Решить-то решили, но что делать дальше — никто не знал. Наступила долгая пауза, может быть, необходимая, возник момент отрезвления и растерянности, вполне, впрочем, объяснимый. «Меркантильный, длиннополый, весь обсыпанный мукой» купеческий Саратов оказался перед невиданной проблемой. Ведь подумать только — не было примера, на который можно было оглянуться — во всей провинциальной России не существовало ни одного художественного музея!

Правда, сама эта идея не была нова для России. Уже в 1860-х годах появилось несколько открытых для обозрения частных коллекций, например, замечательная галерея русской живописи В.А. Кокорева в Москве, но они поддерживались инициативой и деньгами владельцев. С 1852 года считался общедоступным Эрмитаж, но ведь он был императорским. Да и вход в него, по свидетельству «Санкт-Петербургских ведомостей», был доступен не массе, а только немногим из немногих. В 1862 году открылся Румянцевский музей. Да ведь то Москва!

А тут — Саратов. Город с населением в сто двадцать тысяч человек не имел освещения, водопровод действовал только в центре, не было приличной больницы, маленький деревянный театр вмещал лишь часть желающих, нужны были мостовые, бани, да мало ли что еще... Суховеи, неурожаи, падеж скота — на все нужны деньги, а карман городской казны и так слишком тощ. Музей не сулил городу никаких доходов, а выложить на него надо круглую сумму, и потом нужны будут средства — на содержание здания, штата служителей, а там и рисовальной школы.

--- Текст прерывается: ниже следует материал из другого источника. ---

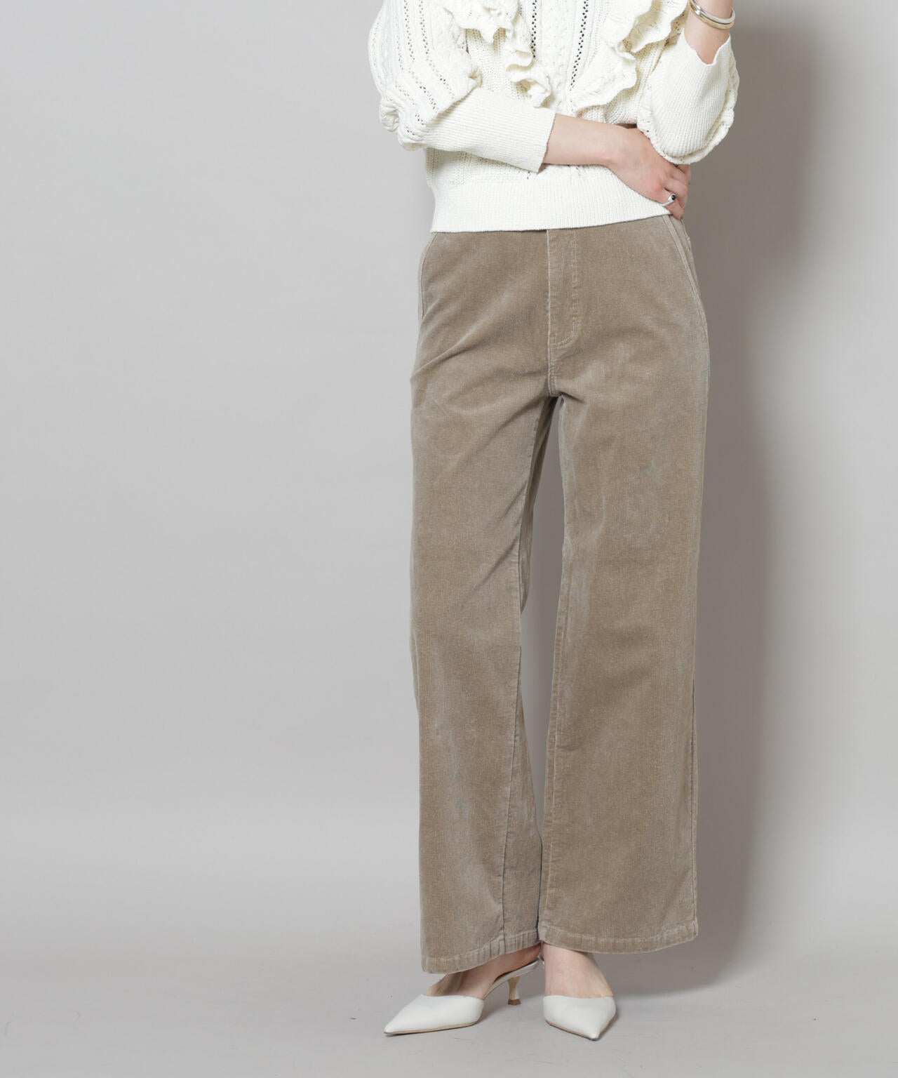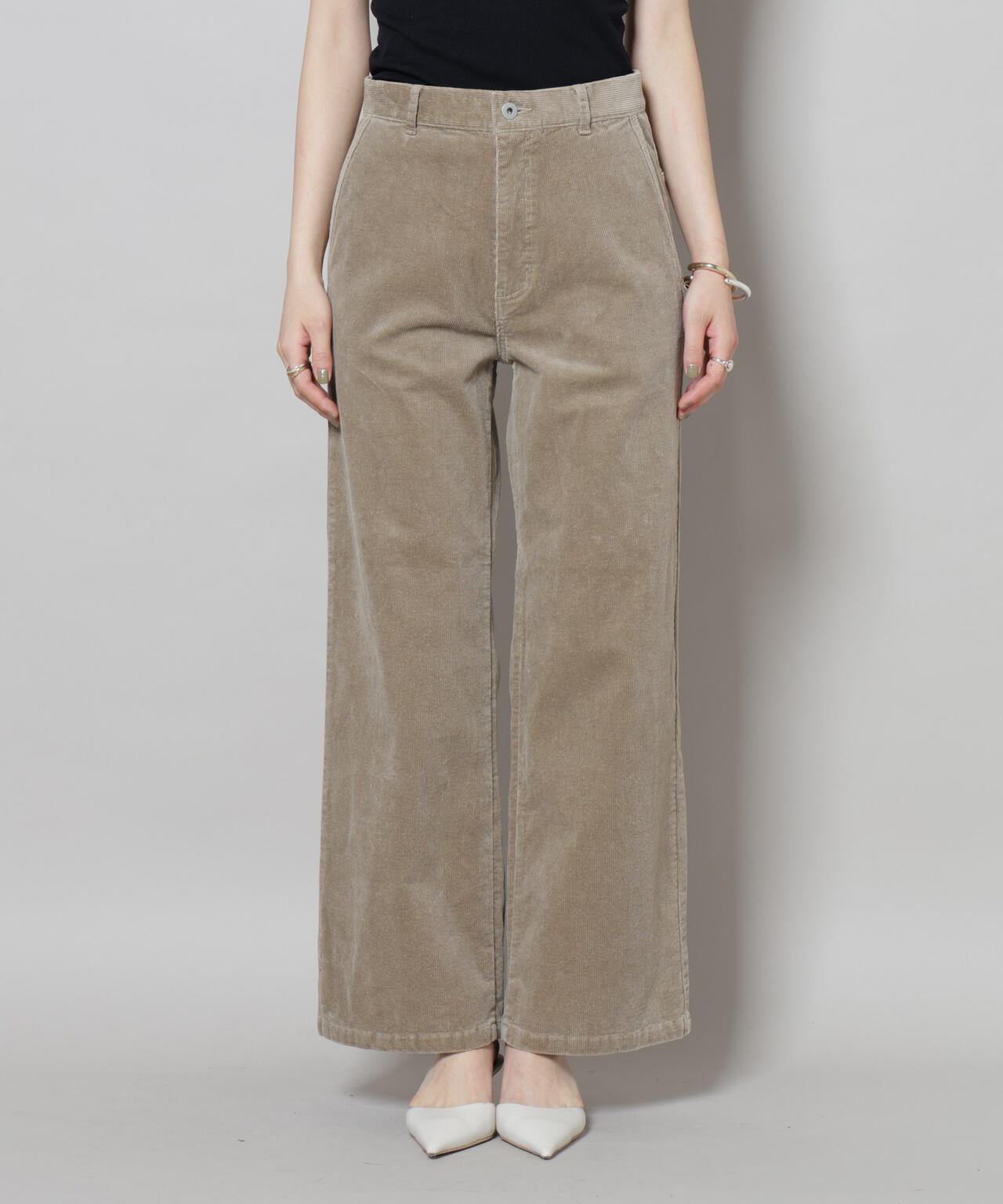 ・柔らかくストレッチの利いたコーデュロイで仕立てたワイドパンツ

Не будет ли музей в Саратове выглядеть «как щегольская шляпа на человеке, платье которого — простое, жалкое рубище?» — думала образованная часть городских деятелей. «Зачем он нужен вообще?» — рассуждали купцы и промышленники. Хотя, с другой стороны, — дают даром, цена подарка, говорят, поболее ста тысяч рублей... Грех отказываться.

Двухлетние раздумья были прерваны ультиматумом потерявшего терпение Боголюбова, который пригрозил передать коллекцию другому городу, хотя бы Пензе, на землях которой тоже были поместья А.Н. Радищева. Угроза эта возымела действие. Дело сдвинулось с мертвой точки, однако и после этого «поехало на такой заморенной черепахе, что не предвиделось и конца думской канители».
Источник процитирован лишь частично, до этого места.